(Beginning of Exercise data)

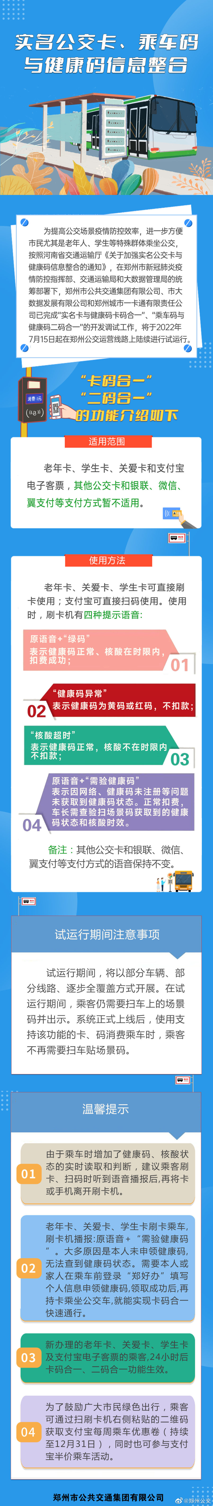 为提高公交场景疫情防控效率,进一步方便市民尤其是老年人、学生等特殊群体乘坐公交,按照河南省交通运输厅《关于加强实名公交卡与健康码信息整合的通知》,在郑州市新冠肺炎疫情防控指挥部、交通运输局和大数据管理局的统筹部署下,郑州市公共交通集团有限公司、市大数据发展有限公司和郑州城市一卡通有限责任公司已完成“实名卡与健康码卡码合一”、“乘车码与健康码二码合一”的开发调试工作,将于2022年7月15日起在郑州公交运营线路上陆续进行试运行。
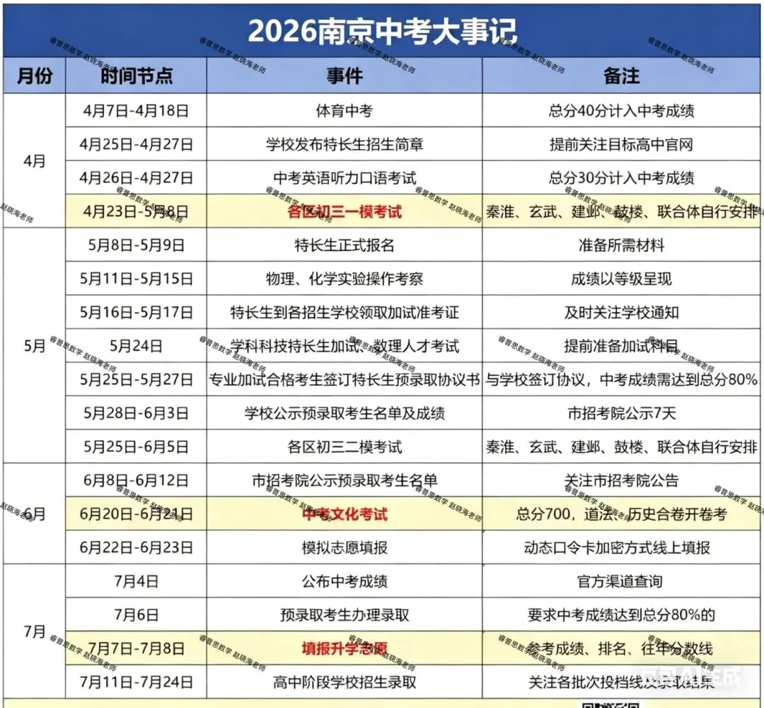 >2026南京中考大事记
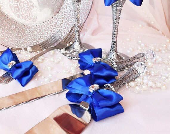 Royal Blue Cake Serving Set Wedding Cake And Knife Serving Etsy
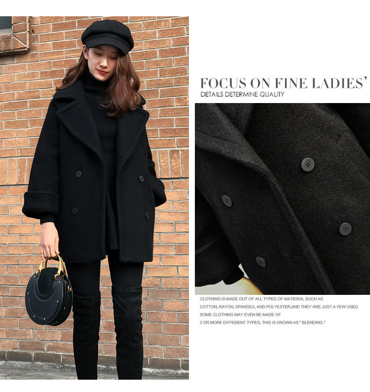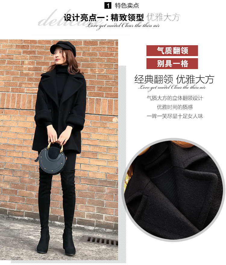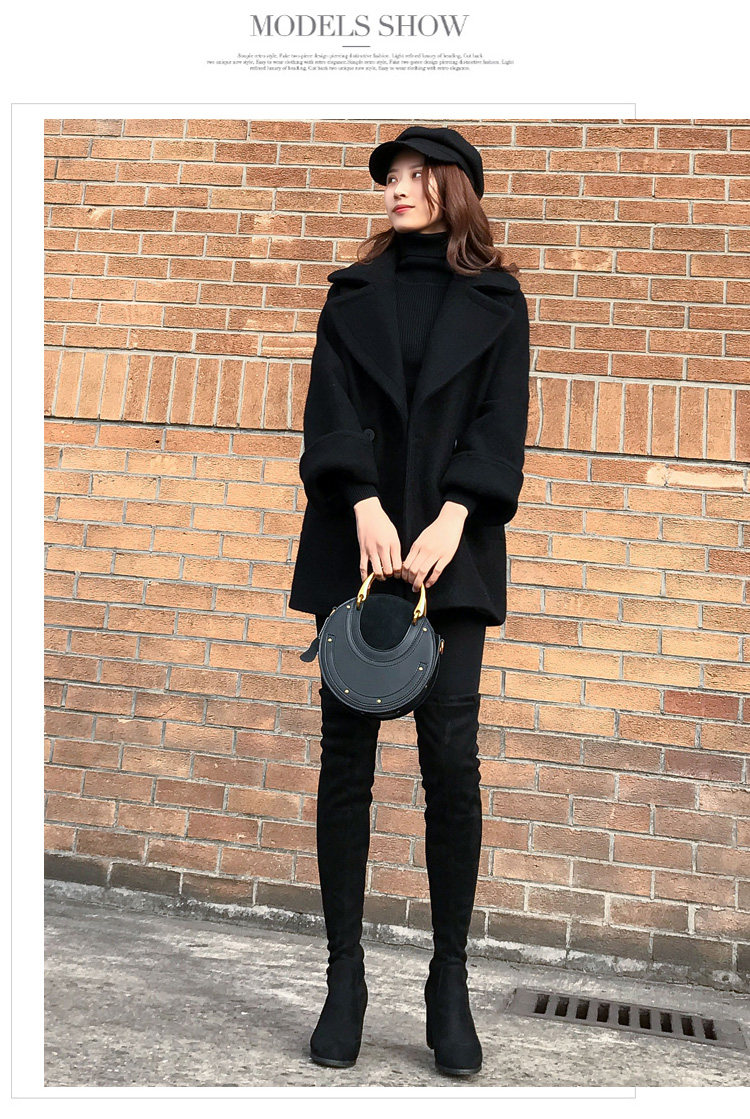 Длинное черное шерстяное пальто, куртка, в корейском стиле, средней длины

(End of Exercise data)

### Try it
Restate the data above word for word, omitting every picture.

### Response to this task
 为提高公交场景疫情防控效率,进一步方便市民尤其是老年人、学生等特殊群体乘坐公交,按照河南省交通运输厅《关于加强实名公交卡与健康码信息整合的通知》,在郑州市新冠肺炎疫情防控指挥部、交通运输局和大数据管理局的统筹部署下,郑州市公共交通集团有限公司、市大数据发展有限公司和郑州城市一卡通有限责任公司已完成“实名卡与健康码卡码合一”、“乘车码与健康码二码合一”的开发调试工作,将于2022年7月15日起在郑州公交运营线路上陆续进行试运行。
 >2026南京中考大事记
 Royal Blue Cake Serving Set Wedding Cake And Knife Serving Etsy
 Длинное черное шерстяное пальто, куртка, в корейском стиле, средней длины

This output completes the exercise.